Pew also finds that 5% of cell phone owners use their cell phones and some other device equally for online access, 33% mostly use some other device, although they also use their cell phones to get online, while 45% of cell phone owners don’t go online at all using their phones.

So, let’s do a little back-of-the-envelope calculation: based on these stats, how many cell phone users should we be finding in our general-population online survey samples?

We have to make some assumptions. Pew asks their questions in terms of the respondent’s device choice for “most” online access. Let’s say that “most online browsing” means something like 75% of all browsing. In other words, let’s estimate that the 17% of adult cell owners who “mostly” use their phones are actually doing so for about 75% of their browsing. Similarly, let’s assume that the 33% who “mostly” use some other device are actually using their phones 25% of the time. Finally, we’ll assume that those who split their online access equally between phones and other devices are splitting the time 50/50.

Using those numbers and Pew’s overall cell ownership data, we should expect .88*((.17*.75) + (.5*.05) + (.33*.25)) = 20.7% to show up as using cell phones in a general population sample.
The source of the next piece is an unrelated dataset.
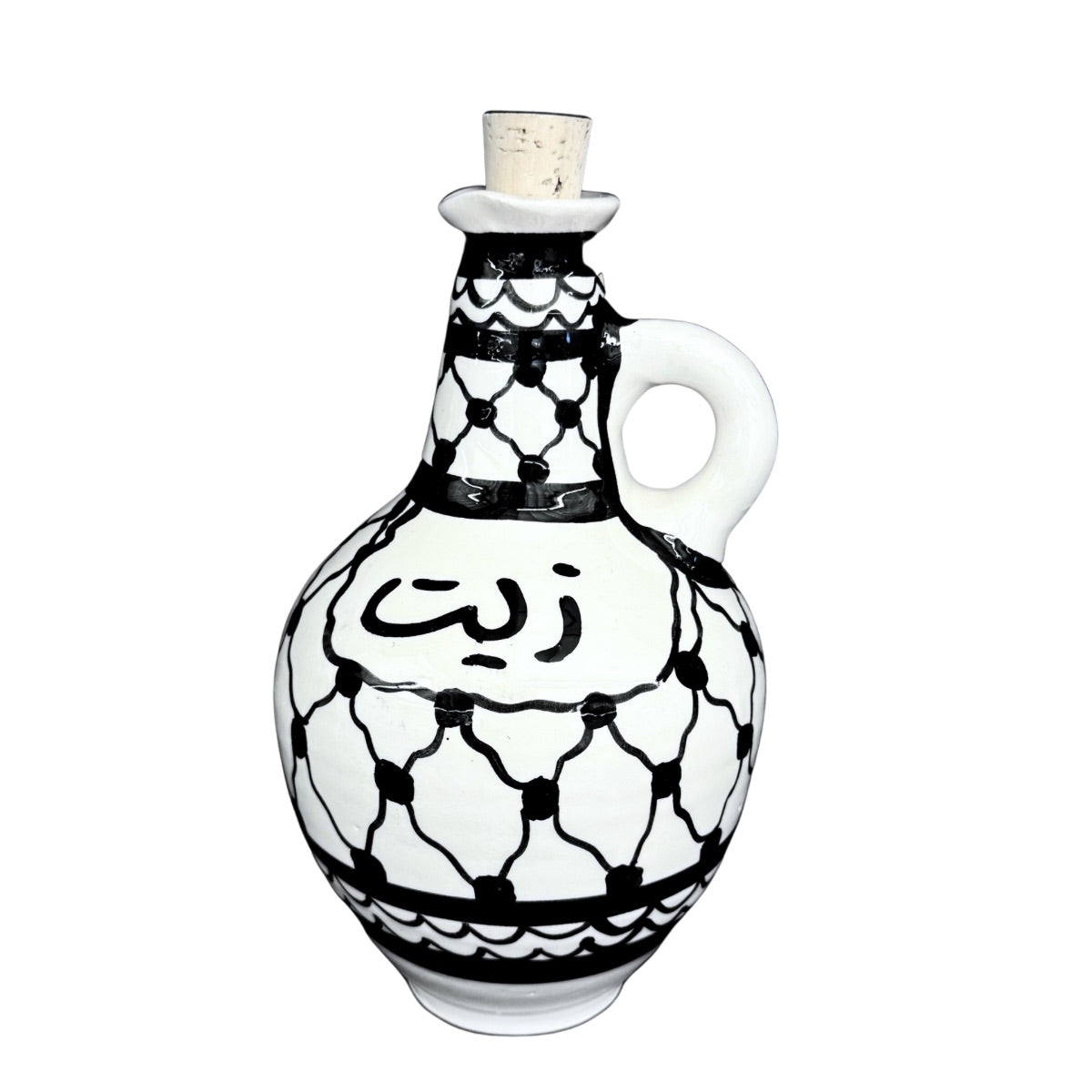 Decanter from Hebron, approximately 8" tall with the Arabic word "zeit” which means “oil.”

If the people who “mostly” use another device actually use their cell phones for only 10% of their online access, then this proportion would drop to 16.3%. In the extreme case, in which people who “mostly” use cell phone for access do so only 51% of the time, and people who “mostly” use another device actually choose their cell phones only 1% of the time, we would still expect to see cell access making up about 10% of a general population sample.

So, based on Pew’s data, the incidence of cell phone access to general population surveys should be in the 10% to 20% range.

If that sounds problematic, the trend data that Pew offers seems even more so.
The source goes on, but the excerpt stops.